Anyone who puts something else before what is really the main thing is betraying the people.

At this time, we should all keep our ideas to simply help, even if votes are lost. What has disappointed you most in this time of pandemic? The situation in Madrid;

that for once we are pointers in something and be in this.

Seeing that what was said in March that we are going to get out of this and we are going to learn a lot has been false, it really disappoints me.

Now we are in the second wave of infections and we have not learned anything.

That is disappointing:

the ability of human beings not to learn.

We should all be very close and it is just the opposite.

Are you worried about success? It is not poetic to talk about success. How did the failure of your previous film: 'The Queen of Spain' weigh on you?
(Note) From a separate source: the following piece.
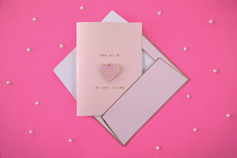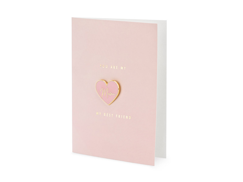 Üdvözlőlap „Mom” feliratú zománc kitűzővel
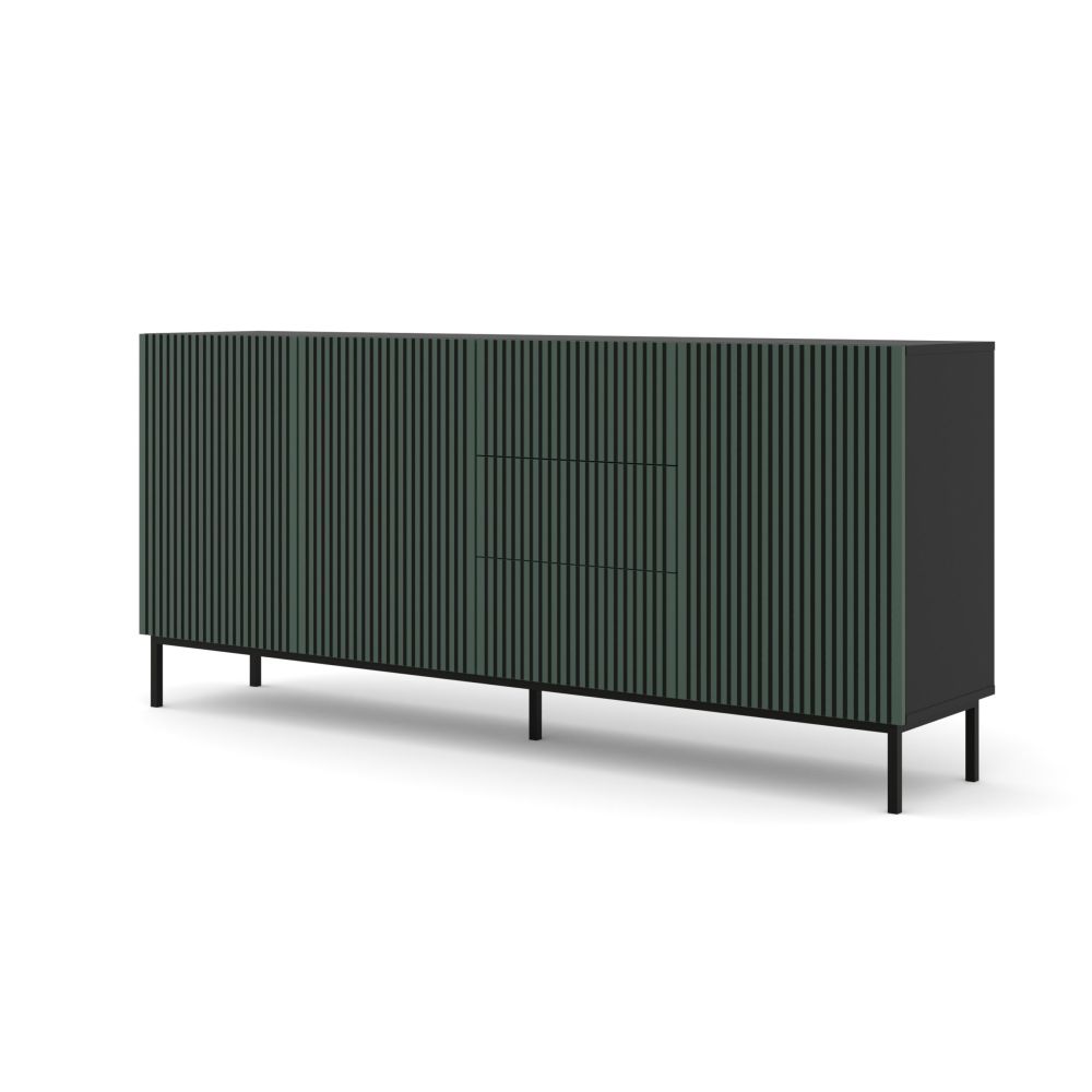 The Ravenna collection offers elegant and unique furniture for the living room. The milled fronts serve as an excellent decorative element, while the trendy colour combination of black and natural artisan oak enhances the aesthetic appeal. The furniture is crafted from high-quality materials, including milled and painted MDF. Elegant metal legs emphasize the stylish look and provide stability, and the handleless fronts add a touch of modern design. The three-door sideboard offers ample storage space, while the internal shelf makes organization easier.

It helps you to overcome that you are happy with the film and I am very happy.

If I have to choose between being happy with a movie or having it succeed, I choose the former.

There are some that I will not say with which I am not so happy, but I accept them.

They are part of my life. The last time he was in San Sebastián, there was a great stir due to his statements on account of the National Film Award in which he declared himself a citizen of a country called cinema and which were interpreted as a refusal to be Spanish ... Well, it was a bitter affair ... Is the wound healed? Nothing is completely healed.

You have to learn to live with it.

I imagine that if you were to investigate you would discover things,

but why. How do you get on with closing a festival as rare as this? Yes, it is rare.

But it is always rare to close.

If you are the opening film, half the people have not arrived, and if you are the closing film, they have already left.

Will COVID make us better? Let's say that what happens intensifies as you already are.

I see people throw themselves out to help others with passion.

But those were already good.

And others are discovered as authentic ... But those were already bad.

Everyone follows his intensified process.